⟨

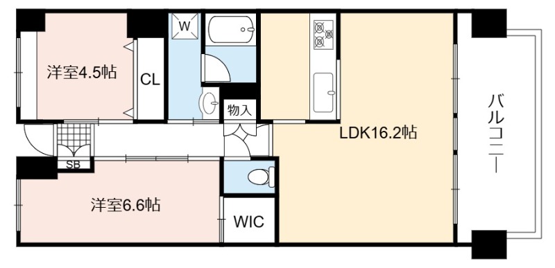 | 間取り詳細 | LDK 16.2畳 、 洋室 6.6畳 、 洋室 4.5畳 |
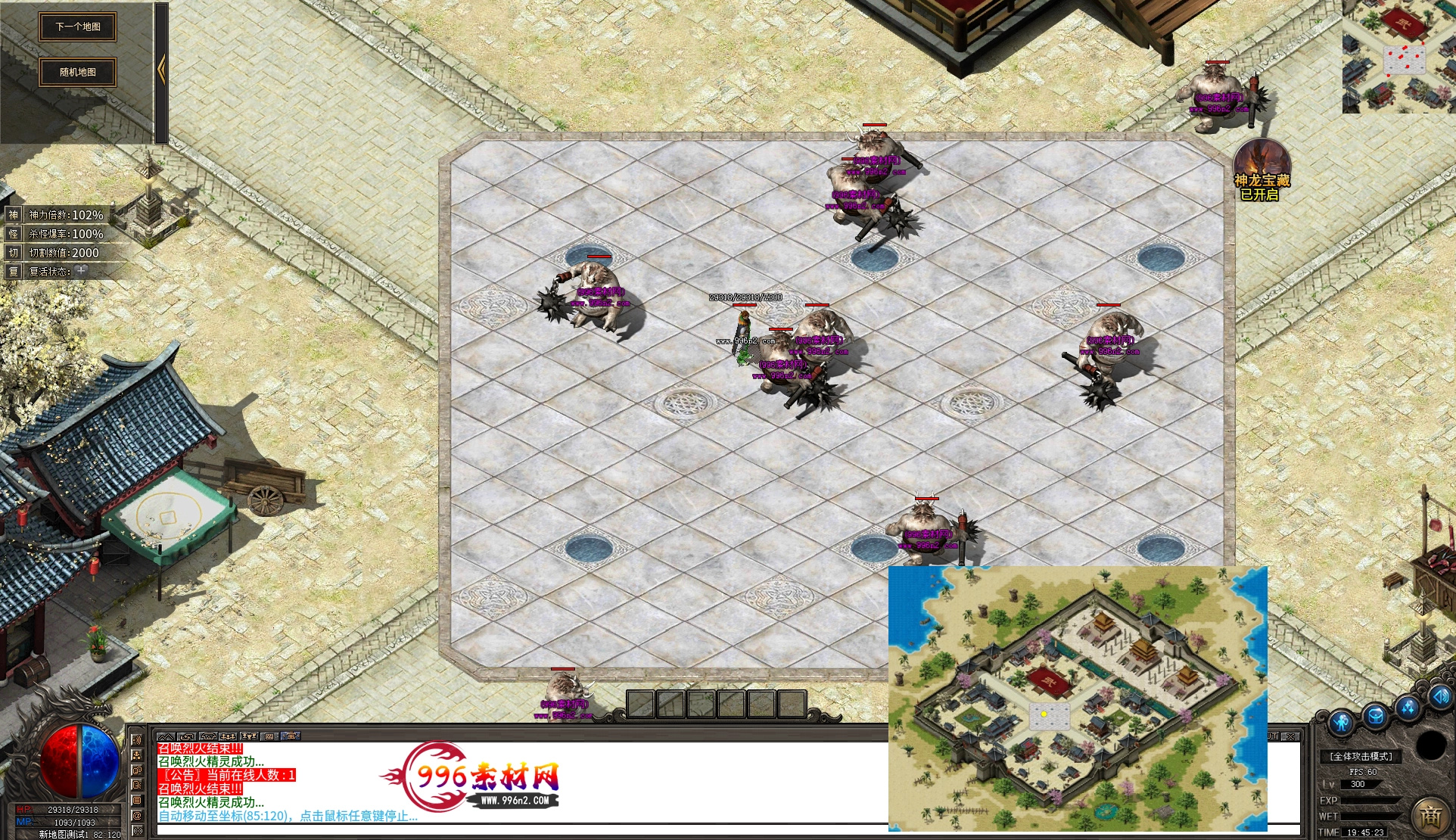上传之前素材已经经过多次压缩. 实际的素材效果要比下面的图片强很多倍. 996素材下载后可以直接调用。跟版本的编号相同,修改一下就可以了, 大大节省了GM的用图片转换成996素材的时间 说明:本站所有素材全是从用996引擎游戏中调整好坐标后截图.看到是什么样的,安装到自己版本中就是什么样的.
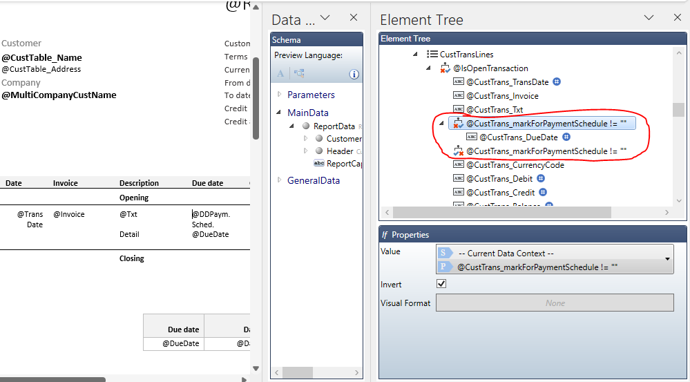Hi again Blaž, I have been playing around with our existing template in the meantime, and finally understand the existing expressions! Part of my confusion was because they are to evaluate CustTrans_markForPaymentSchedule against value “”, but in our data source it is always “”.
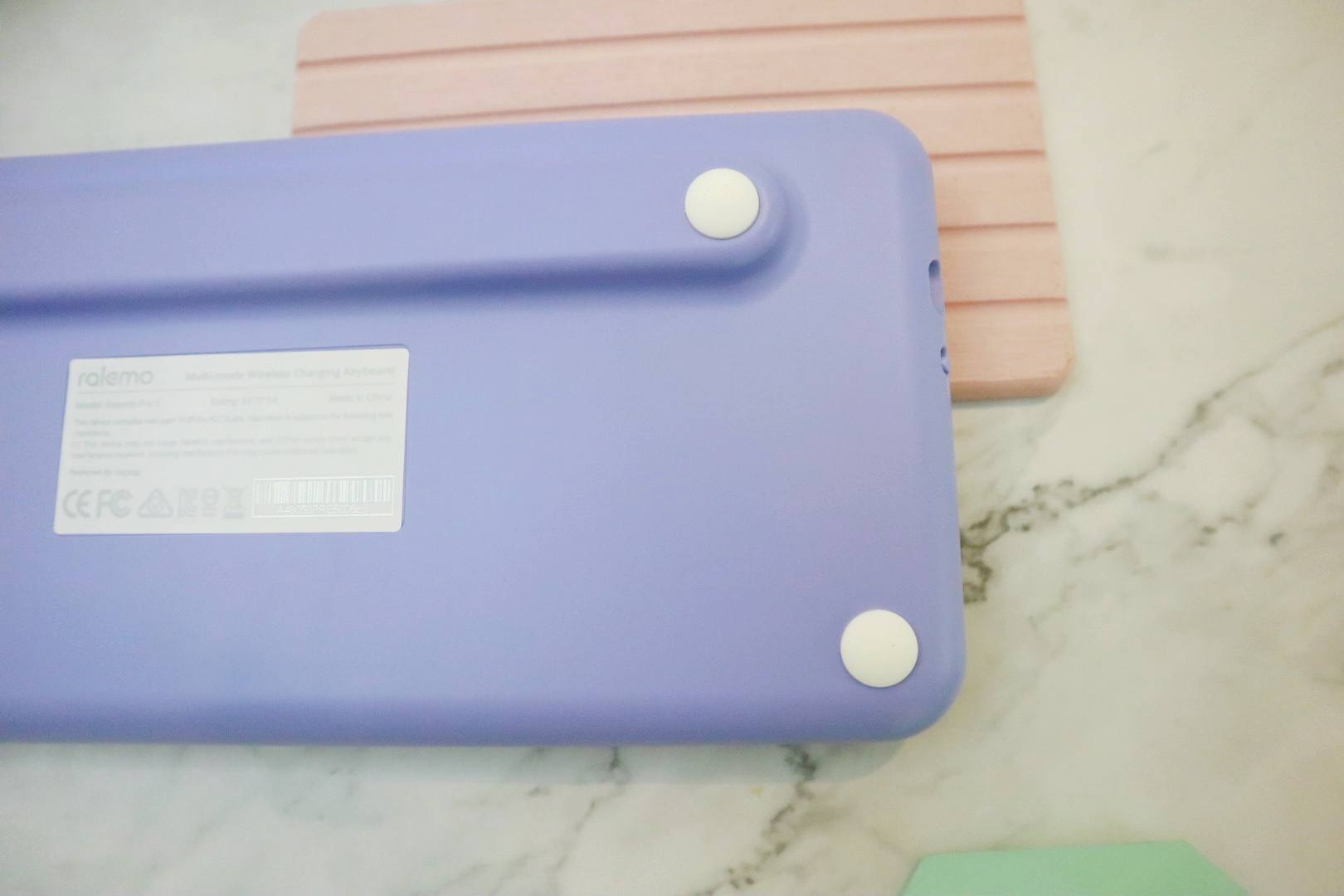 雷柏ralemo Pre 5多模无线机械键盘的下部有四个胶质的支座,这四个支座的高度是不同的,这样能使键盘使用的时候有一定的倾斜角度。
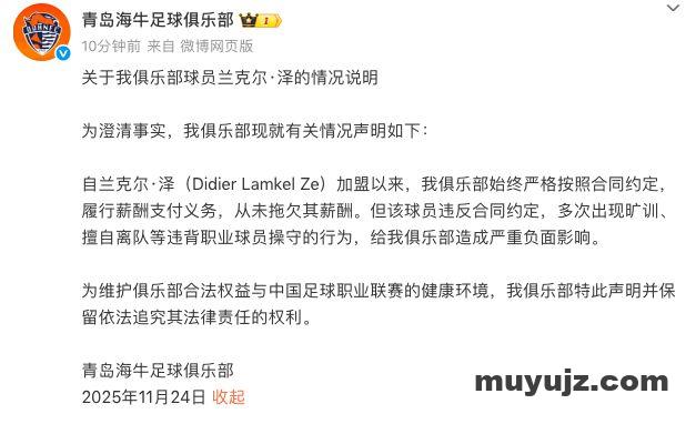 北京时间11月24日晚,中超青岛海牛俱乐部官方发文,回应了关于外援兰克尔-泽的欠薪指控。
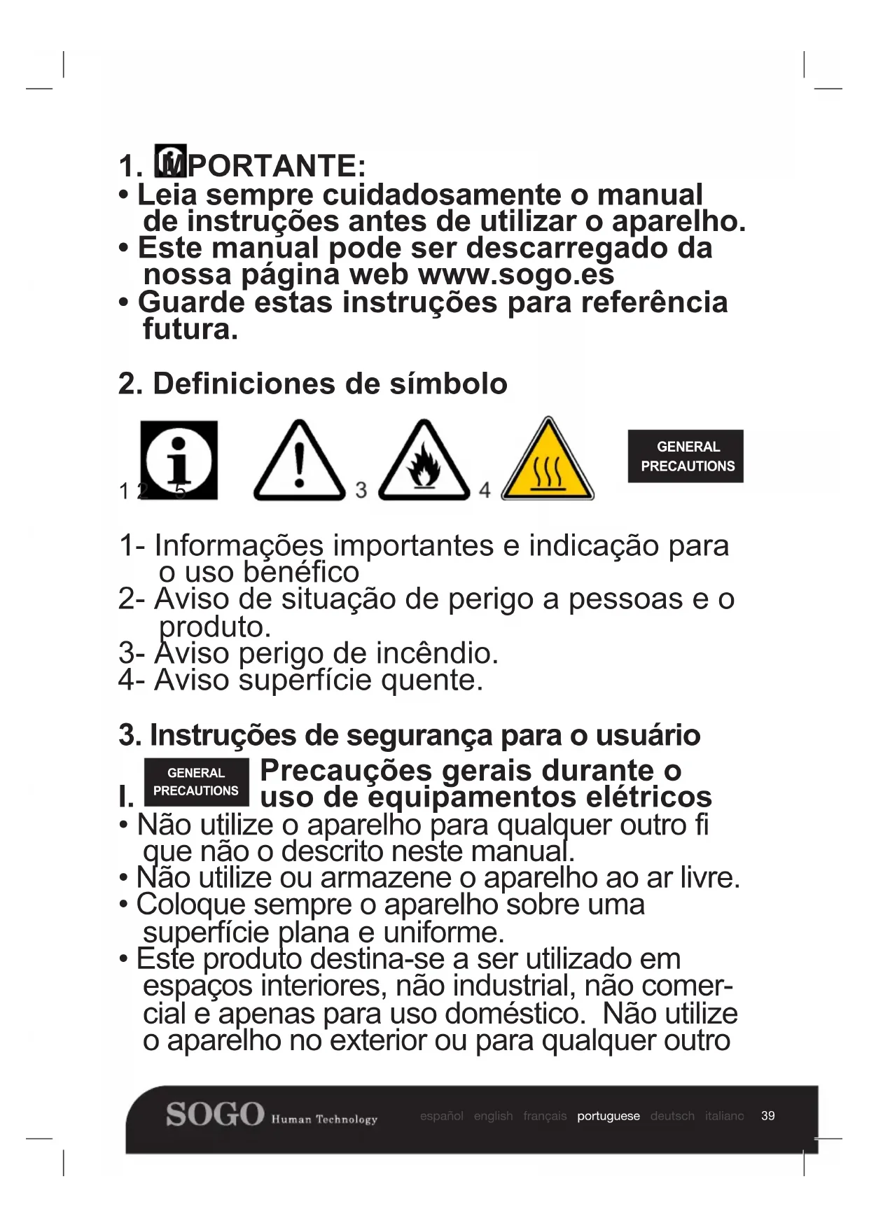 GENERAL PRECAUTIONS Precauções gerais durante o uso de equipamentos elétricos40 español english français portuguese deutsch italiano fim. A utilização indevida ou o manuseamento incorreto podem causar problemas no aparel- ho e causar lesões ao utilizador.
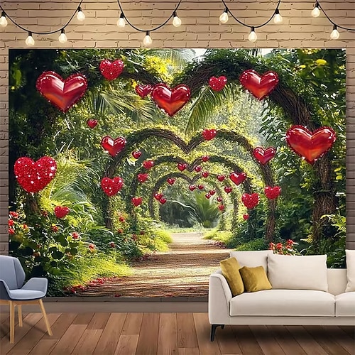 San Valentino arazzo Striscioni Coperta Rose Amore Cuori Carino Romantico 3D Da serata Soggiorno Sfondi di ripresa Decorazione per proposta di matrimonio Arredamento per la casa
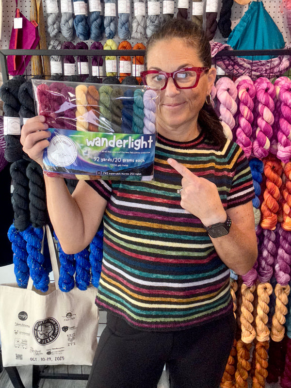 I always love seeing what colors are trending and what’s new on the runway, but what brings me the most joy is choosing the shades that really speak to me. As I put this palette together, each color started to tell its own part of the story, and soon the whole collection pictured a cozy cabin in the woods in my mind. I imagined curling up by the fire while cold night air settled outside, with the northern lights shimmering in the sky through the window. Every shade in wanderlight was chosen to capture that sense of warmth, comfort, and winter magic. It's the kind of feeling that makes you want to pick up your needles and stay a little longer in the moment.
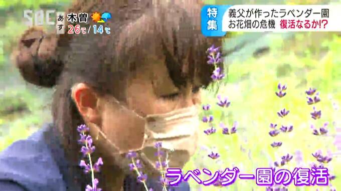 農園の手入れを続けた亡き父の思いを受け継ぎ、ラベンダー畑の復活に取り組む女性の姿です。
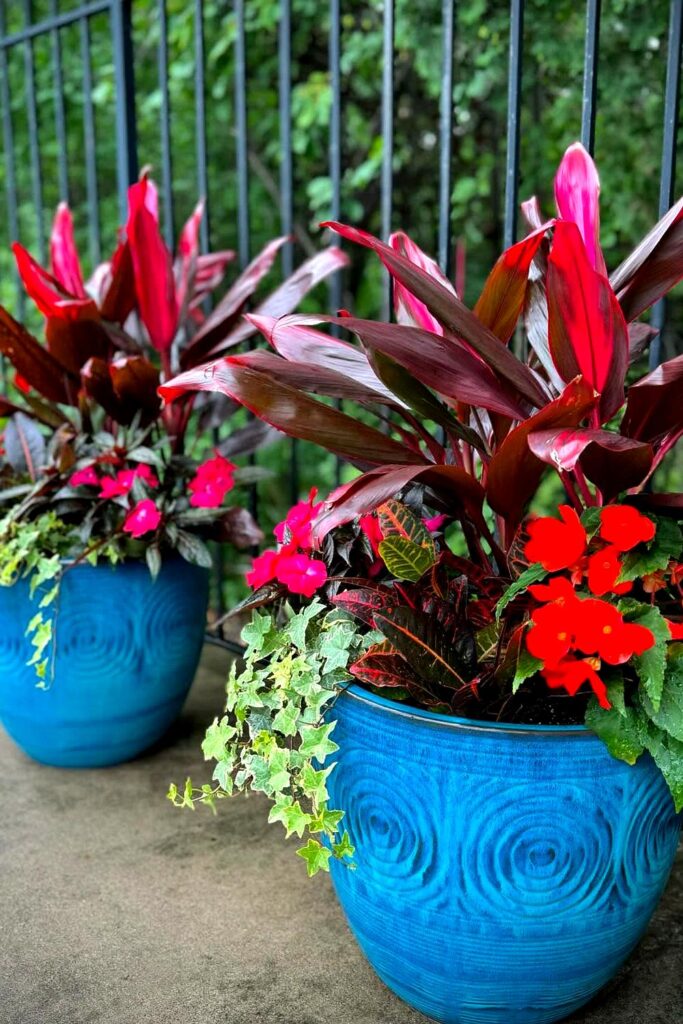 Striking blue pots filled with red tropical foliage and bright blooms create a show-stopping contrastideal for energizing any poolside or patio.

⟩

▶ [What is being asked] What is needed is an exact copy of the lines from the start of the records through the line containing "San Valentino arazzo", with no pictures.

▶ [Task result]
 | 間取り詳細 | LDK 16.2畳 、 洋室 6.6畳 、 洋室 4.5畳 |
上传之前素材已经经过多次压缩. 实际的素材效果要比下面的图片强很多倍. 996素材下载后可以直接调用。跟版本的编号相同,修改一下就可以了, 大大节省了GM的用图片转换成996素材的时间 说明:本站所有素材全是从用996引擎游戏中调整好坐标后截图.看到是什么样的,安装到自己版本中就是什么样的.
Hi again Blaž, I have been playing around with our existing template in the meantime, and finally understand the existing expressions! Part of my confusion was because they are to evaluate CustTrans_markForPaymentSchedule against value “”, but in our data source it is always “”.
 雷柏ralemo Pre 5多模无线机械键盘的下部有四个胶质的支座,这四个支座的高度是不同的,这样能使键盘使用的时候有一定的倾斜角度。
 北京时间11月24日晚,中超青岛海牛俱乐部官方发文,回应了关于外援兰克尔-泽的欠薪指控。
 GENERAL PRECAUTIONS Precauções gerais durante o uso de equipamentos elétricos40 español english français portuguese deutsch italiano fim. A utilização indevida ou o manuseamento incorreto podem causar problemas no aparel- ho e causar lesões ao utilizador.
 San Valentino arazzo Striscioni Coperta Rose Amore Cuori Carino Romantico 3D Da serata Soggiorno Sfondi di ripresa Decorazione per proposta di matrimonio Arredamento per la casa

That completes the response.